Your assignment:
Please write out exactly the line containing "Riddled Buffet von" below and every line after it, through the last one, but leave out any pictures.

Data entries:
****************

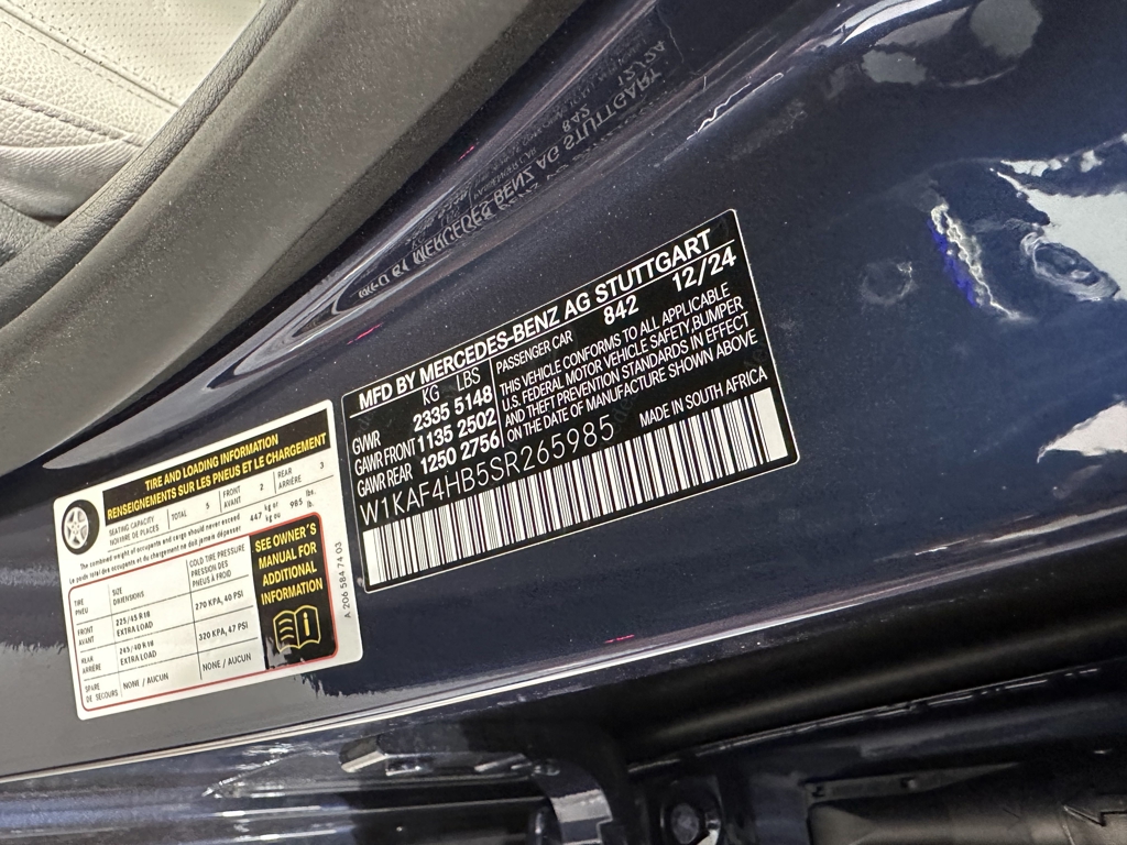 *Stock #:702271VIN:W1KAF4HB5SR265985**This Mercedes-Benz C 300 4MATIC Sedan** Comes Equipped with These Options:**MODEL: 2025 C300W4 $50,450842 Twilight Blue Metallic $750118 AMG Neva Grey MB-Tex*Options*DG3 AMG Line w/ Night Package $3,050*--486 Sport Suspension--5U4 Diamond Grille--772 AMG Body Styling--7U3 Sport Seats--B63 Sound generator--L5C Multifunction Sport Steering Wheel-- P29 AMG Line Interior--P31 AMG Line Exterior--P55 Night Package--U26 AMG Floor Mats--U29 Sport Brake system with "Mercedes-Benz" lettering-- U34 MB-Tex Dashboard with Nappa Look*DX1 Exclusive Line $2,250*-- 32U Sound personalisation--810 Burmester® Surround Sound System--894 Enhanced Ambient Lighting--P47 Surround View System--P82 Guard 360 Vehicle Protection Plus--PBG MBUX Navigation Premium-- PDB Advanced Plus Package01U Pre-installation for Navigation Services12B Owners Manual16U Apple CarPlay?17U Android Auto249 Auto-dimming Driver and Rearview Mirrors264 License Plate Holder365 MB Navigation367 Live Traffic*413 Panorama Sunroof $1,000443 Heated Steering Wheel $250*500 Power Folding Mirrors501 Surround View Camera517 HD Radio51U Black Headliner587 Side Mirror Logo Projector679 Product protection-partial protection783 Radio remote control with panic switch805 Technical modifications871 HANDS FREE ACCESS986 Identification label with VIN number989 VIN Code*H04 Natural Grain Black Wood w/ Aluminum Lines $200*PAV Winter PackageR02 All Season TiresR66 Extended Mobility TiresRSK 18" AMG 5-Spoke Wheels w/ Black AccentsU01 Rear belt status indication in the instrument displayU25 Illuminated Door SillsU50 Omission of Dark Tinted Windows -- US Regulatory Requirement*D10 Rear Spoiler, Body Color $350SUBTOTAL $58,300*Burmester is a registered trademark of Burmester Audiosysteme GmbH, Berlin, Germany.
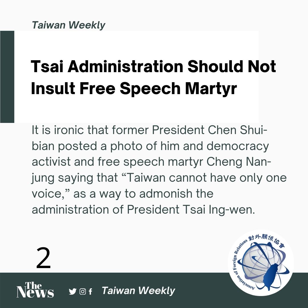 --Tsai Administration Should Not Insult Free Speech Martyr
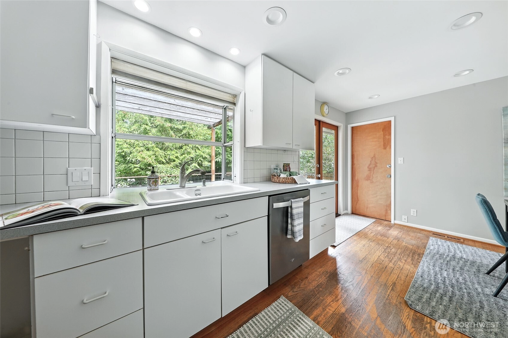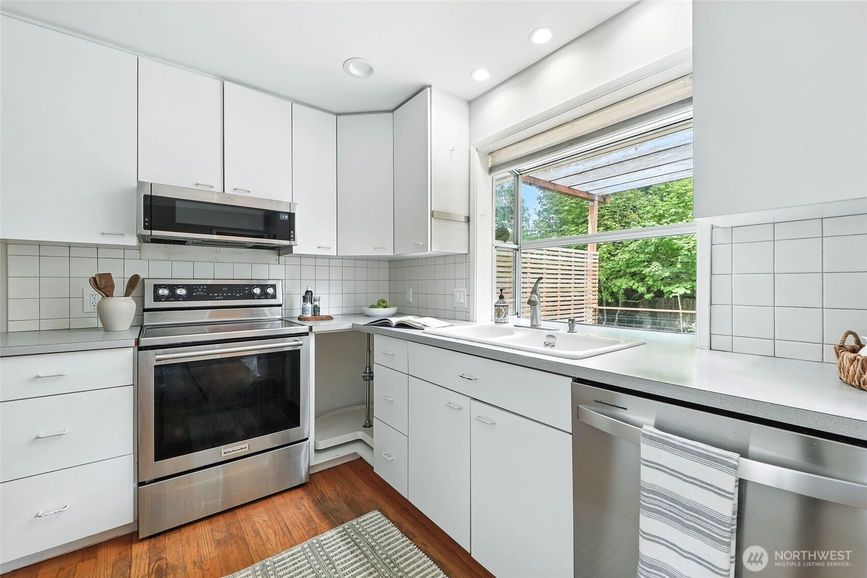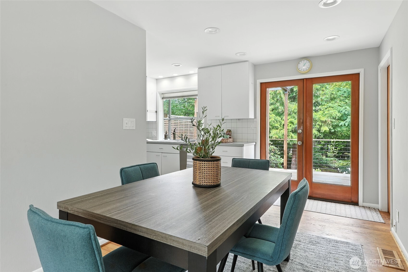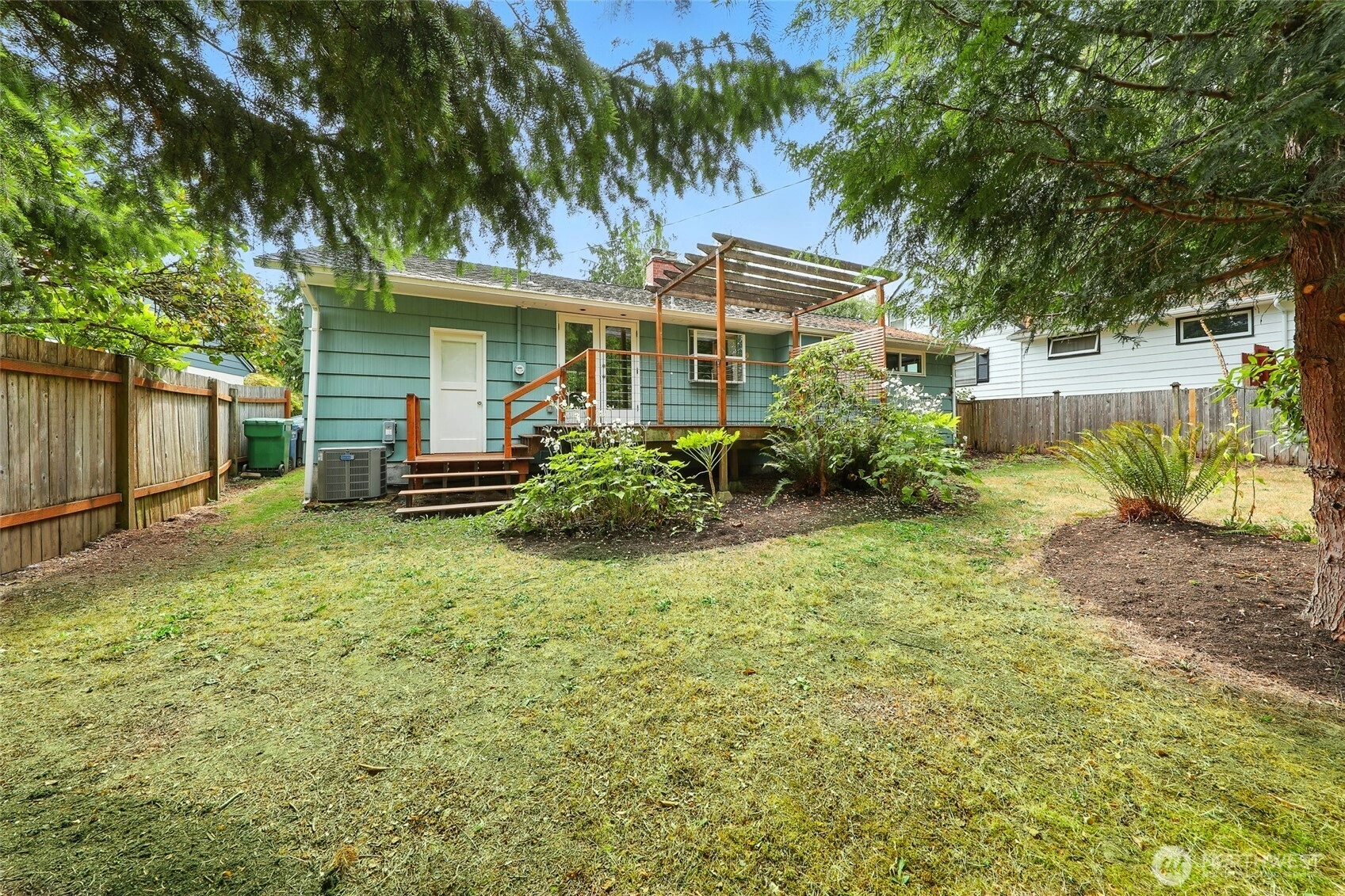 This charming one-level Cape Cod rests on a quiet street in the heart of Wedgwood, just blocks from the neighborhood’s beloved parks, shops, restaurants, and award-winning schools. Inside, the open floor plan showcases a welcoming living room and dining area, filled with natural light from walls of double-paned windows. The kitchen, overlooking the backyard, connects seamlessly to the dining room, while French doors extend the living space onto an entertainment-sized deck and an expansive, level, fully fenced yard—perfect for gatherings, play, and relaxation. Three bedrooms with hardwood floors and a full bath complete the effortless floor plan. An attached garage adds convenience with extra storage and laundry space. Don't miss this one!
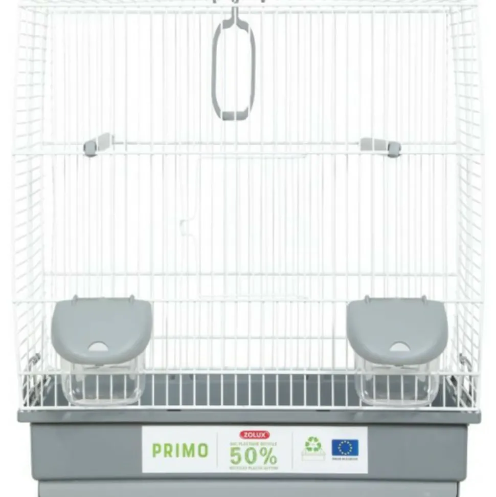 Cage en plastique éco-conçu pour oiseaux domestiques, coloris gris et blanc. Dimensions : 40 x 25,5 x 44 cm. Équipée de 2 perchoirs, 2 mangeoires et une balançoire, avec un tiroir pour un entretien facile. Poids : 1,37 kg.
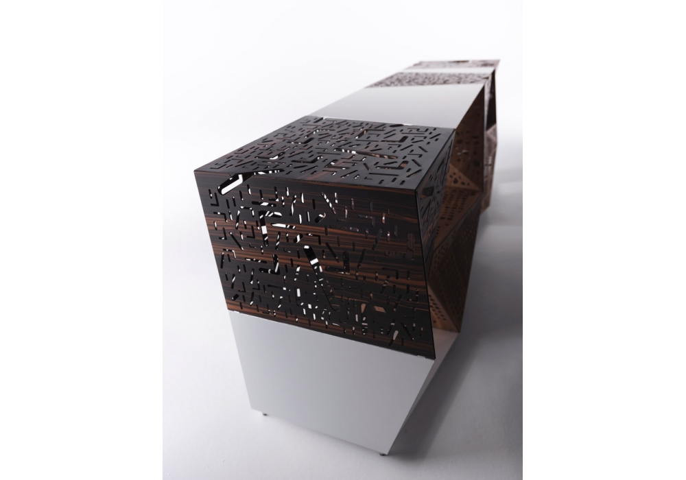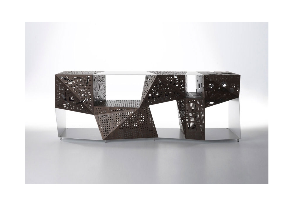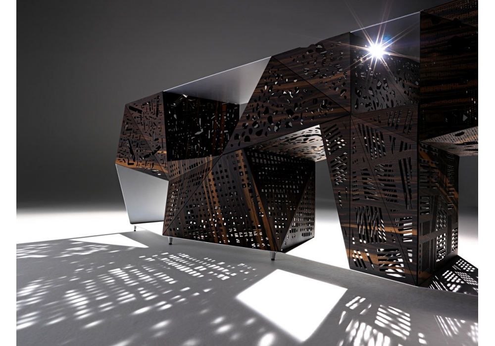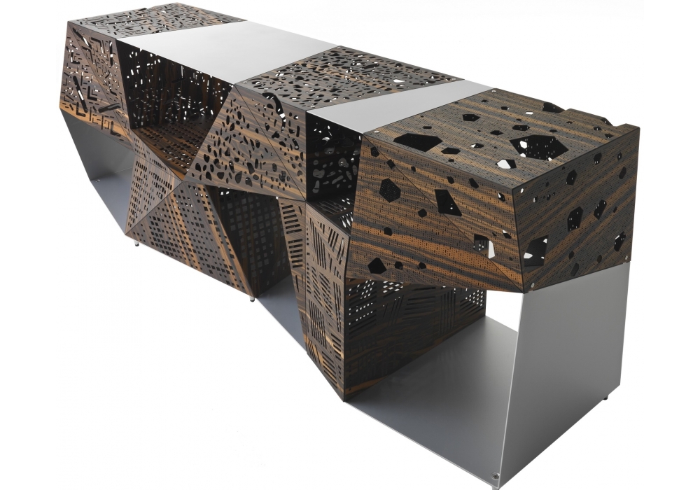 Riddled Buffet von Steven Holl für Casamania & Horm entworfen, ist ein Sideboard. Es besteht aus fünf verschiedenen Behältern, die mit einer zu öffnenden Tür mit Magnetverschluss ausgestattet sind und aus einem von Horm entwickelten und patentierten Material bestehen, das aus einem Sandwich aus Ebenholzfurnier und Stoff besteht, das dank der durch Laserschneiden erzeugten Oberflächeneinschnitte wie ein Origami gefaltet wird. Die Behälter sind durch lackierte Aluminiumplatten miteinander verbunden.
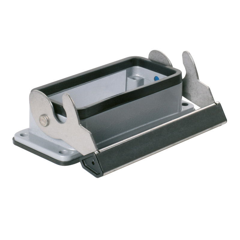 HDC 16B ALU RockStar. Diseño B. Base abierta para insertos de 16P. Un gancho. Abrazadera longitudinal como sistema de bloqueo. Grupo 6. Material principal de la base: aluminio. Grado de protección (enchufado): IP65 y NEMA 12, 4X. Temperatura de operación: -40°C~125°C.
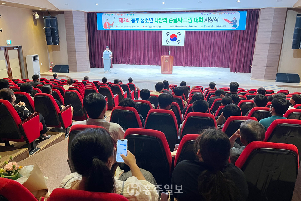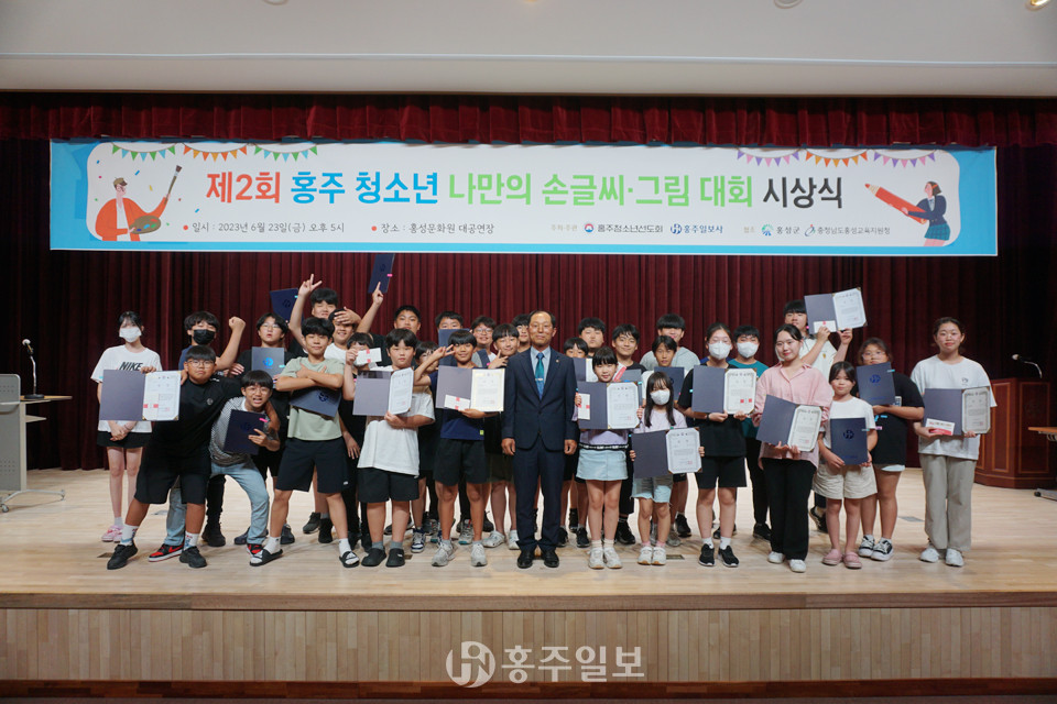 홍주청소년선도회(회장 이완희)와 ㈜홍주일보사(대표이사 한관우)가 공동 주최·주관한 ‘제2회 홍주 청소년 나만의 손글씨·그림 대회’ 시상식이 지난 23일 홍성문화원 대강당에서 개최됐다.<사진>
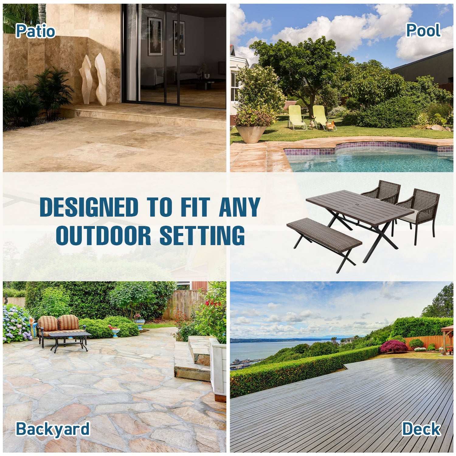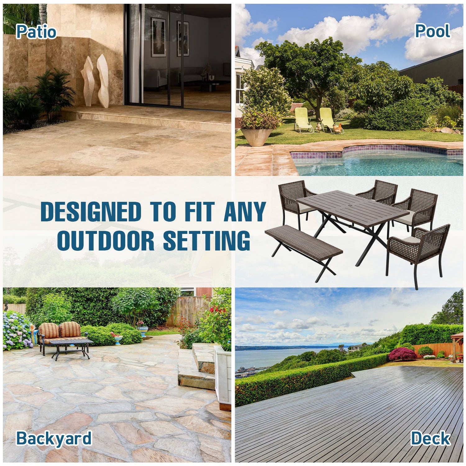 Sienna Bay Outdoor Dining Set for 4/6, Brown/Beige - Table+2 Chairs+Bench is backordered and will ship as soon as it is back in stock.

****************

Finished exercise:
 Riddled Buffet von Steven Holl für Casamania & Horm entworfen, ist ein Sideboard. Es besteht aus fünf verschiedenen Behältern, die mit einer zu öffnenden Tür mit Magnetverschluss ausgestattet sind und aus einem von Horm entwickelten und patentierten Material bestehen, das aus einem Sandwich aus Ebenholzfurnier und Stoff besteht, das dank der durch Laserschneiden erzeugten Oberflächeneinschnitte wie ein Origami gefaltet wird. Die Behälter sind durch lackierte Aluminiumplatten miteinander verbunden.
 HDC 16B ALU RockStar. Diseño B. Base abierta para insertos de 16P. Un gancho. Abrazadera longitudinal como sistema de bloqueo. Grupo 6. Material principal de la base: aluminio. Grado de protección (enchufado): IP65 y NEMA 12, 4X. Temperatura de operación: -40°C~125°C.
 홍주청소년선도회(회장 이완희)와 ㈜홍주일보사(대표이사 한관우)가 공동 주최·주관한 ‘제2회 홍주 청소년 나만의 손글씨·그림 대회’ 시상식이 지난 23일 홍성문화원 대강당에서 개최됐다.<사진>
 Sienna Bay Outdoor Dining Set for 4/6, Brown/Beige - Table+2 Chairs+Bench is backordered and will ship as soon as it is back in stock.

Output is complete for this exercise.